▸ What is needed
What you return should be only the lines in the entries below between the one holding "Βοηθητικό τραπεζάκι Linea" and the one holding "山水全景·超高层大床房(上帝视角鸟瞰重庆+眺望长江)", ends included, with every picture left out.

▸ Data for analysis
=== Begin Enclosure ===

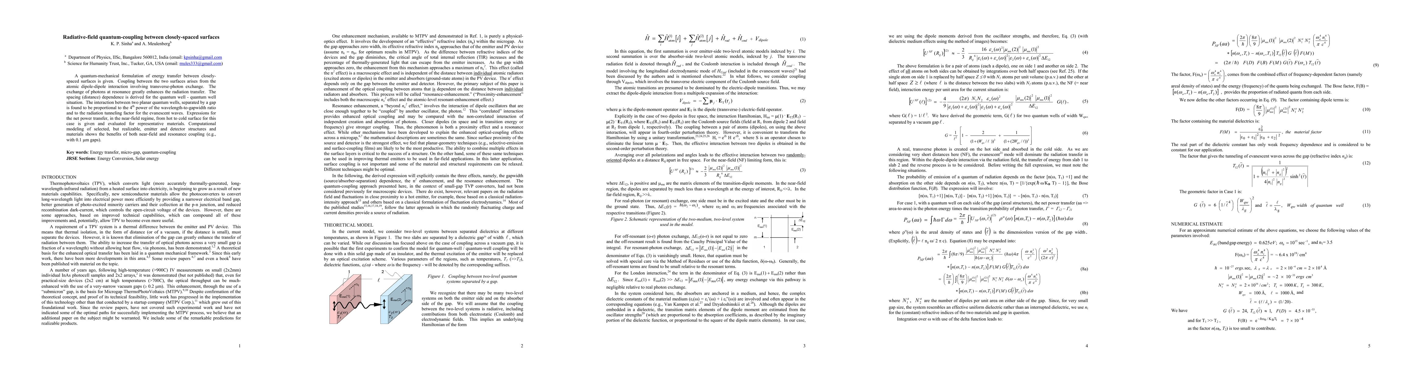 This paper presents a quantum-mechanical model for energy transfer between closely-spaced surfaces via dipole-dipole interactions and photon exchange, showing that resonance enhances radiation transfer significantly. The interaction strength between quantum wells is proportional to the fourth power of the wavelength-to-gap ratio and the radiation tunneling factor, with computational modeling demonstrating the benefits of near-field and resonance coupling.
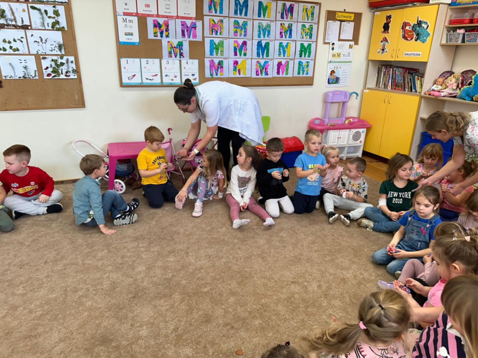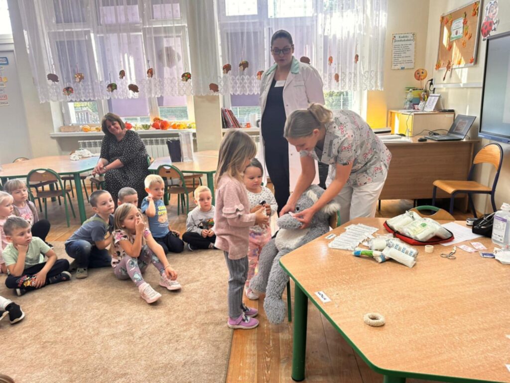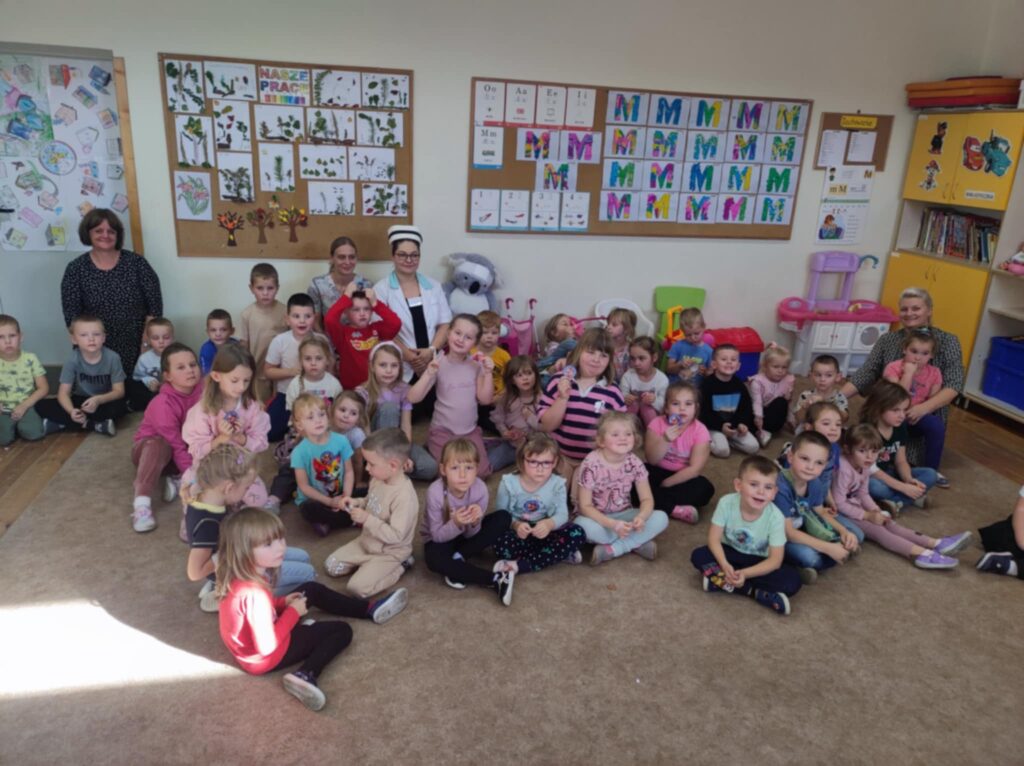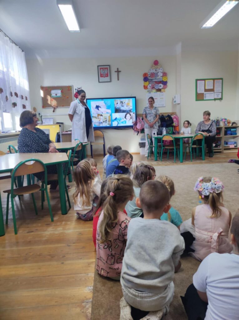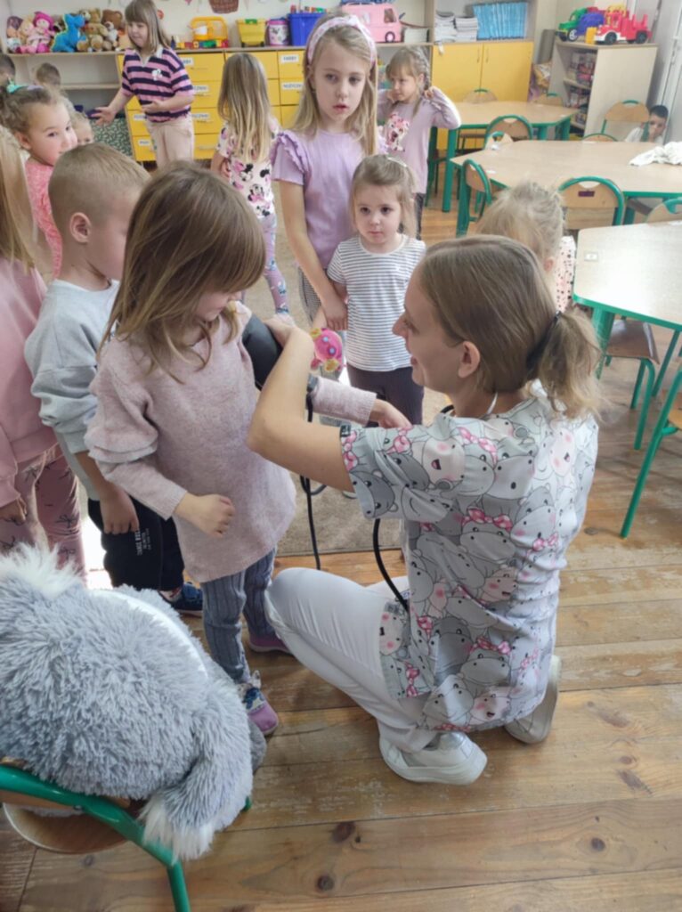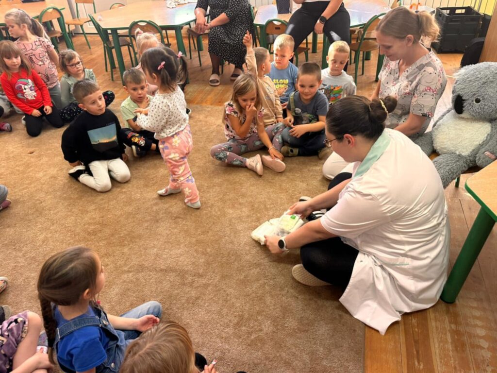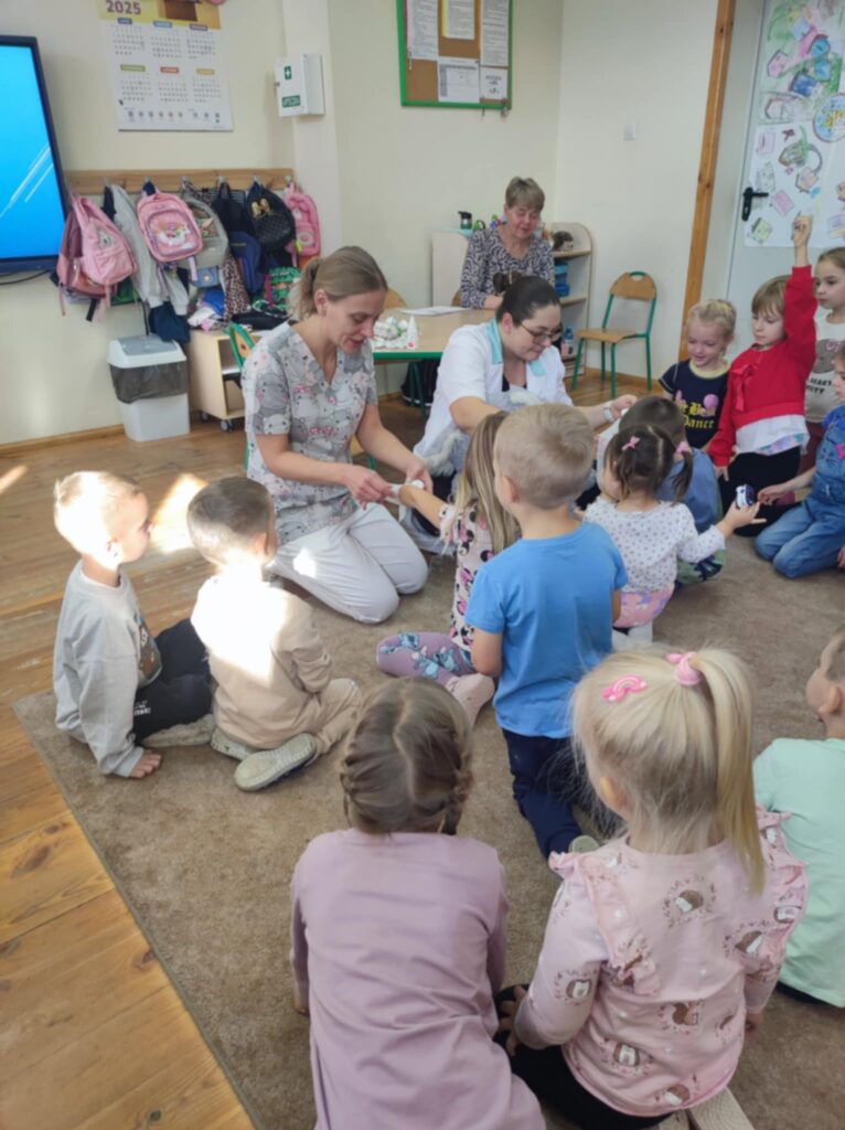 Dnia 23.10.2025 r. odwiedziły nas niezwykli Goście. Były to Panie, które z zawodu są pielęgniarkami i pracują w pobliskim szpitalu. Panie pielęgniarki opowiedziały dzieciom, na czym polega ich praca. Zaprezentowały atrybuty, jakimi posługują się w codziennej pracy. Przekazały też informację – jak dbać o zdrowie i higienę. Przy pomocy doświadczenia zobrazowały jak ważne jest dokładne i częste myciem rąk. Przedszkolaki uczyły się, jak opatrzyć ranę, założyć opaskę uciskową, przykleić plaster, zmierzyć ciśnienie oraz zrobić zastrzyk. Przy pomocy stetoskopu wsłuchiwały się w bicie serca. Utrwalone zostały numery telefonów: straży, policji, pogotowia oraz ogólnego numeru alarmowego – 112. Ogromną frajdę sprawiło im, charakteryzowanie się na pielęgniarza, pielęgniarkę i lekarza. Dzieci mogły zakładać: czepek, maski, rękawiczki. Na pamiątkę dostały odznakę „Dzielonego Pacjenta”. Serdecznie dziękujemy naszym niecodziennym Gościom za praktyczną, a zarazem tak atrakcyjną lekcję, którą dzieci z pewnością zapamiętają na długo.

=== End Enclosure ===
=== Begin Enclosure ===

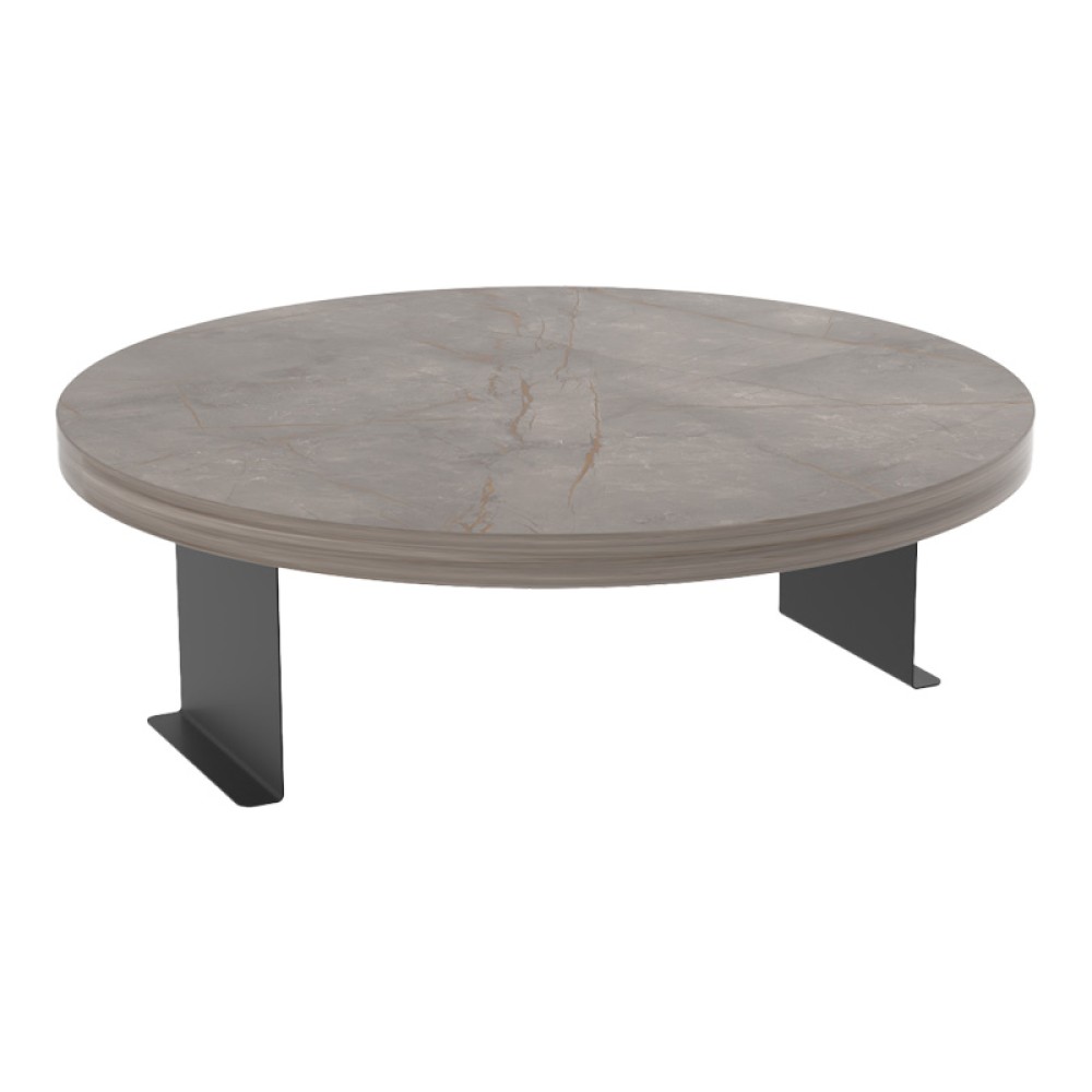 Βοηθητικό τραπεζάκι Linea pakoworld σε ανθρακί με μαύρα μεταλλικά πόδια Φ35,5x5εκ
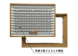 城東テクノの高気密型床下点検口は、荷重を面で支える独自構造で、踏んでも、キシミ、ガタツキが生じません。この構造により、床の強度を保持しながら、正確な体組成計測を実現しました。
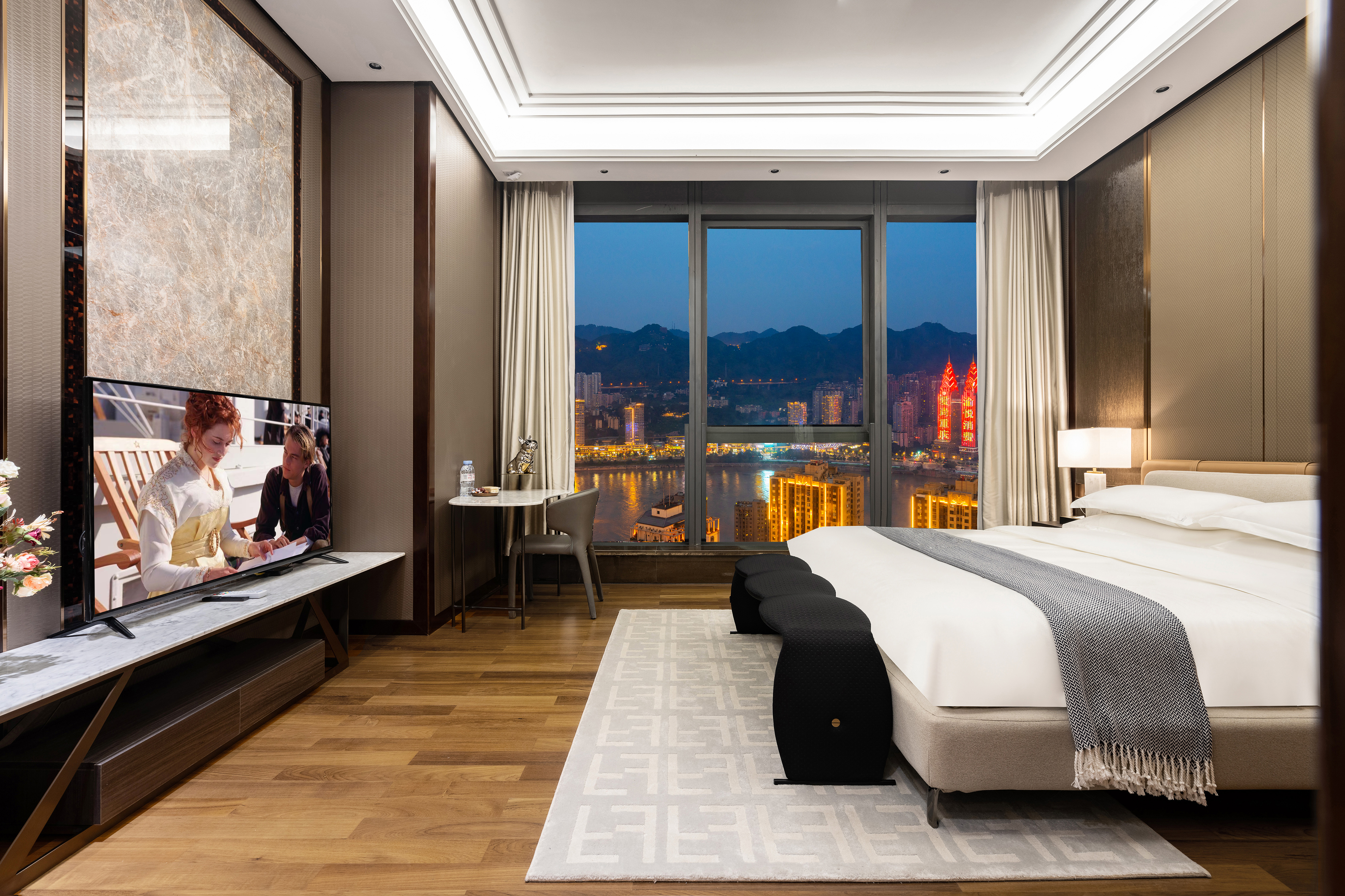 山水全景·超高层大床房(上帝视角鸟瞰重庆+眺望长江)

=== End Enclosure ===

▸ Completed exercise
 Βοηθητικό τραπεζάκι Linea pakoworld σε ανθρακί με μαύρα μεταλλικά πόδια Φ35,5x5εκ
 城東テクノの高気密型床下点検口は、荷重を面で支える独自構造で、踏んでも、キシミ、ガタツキが生じません。この構造により、床の強度を保持しながら、正確な体組成計測を実現しました。
 山水全景·超高层大床房(上帝视角鸟瞰重庆+眺望长江)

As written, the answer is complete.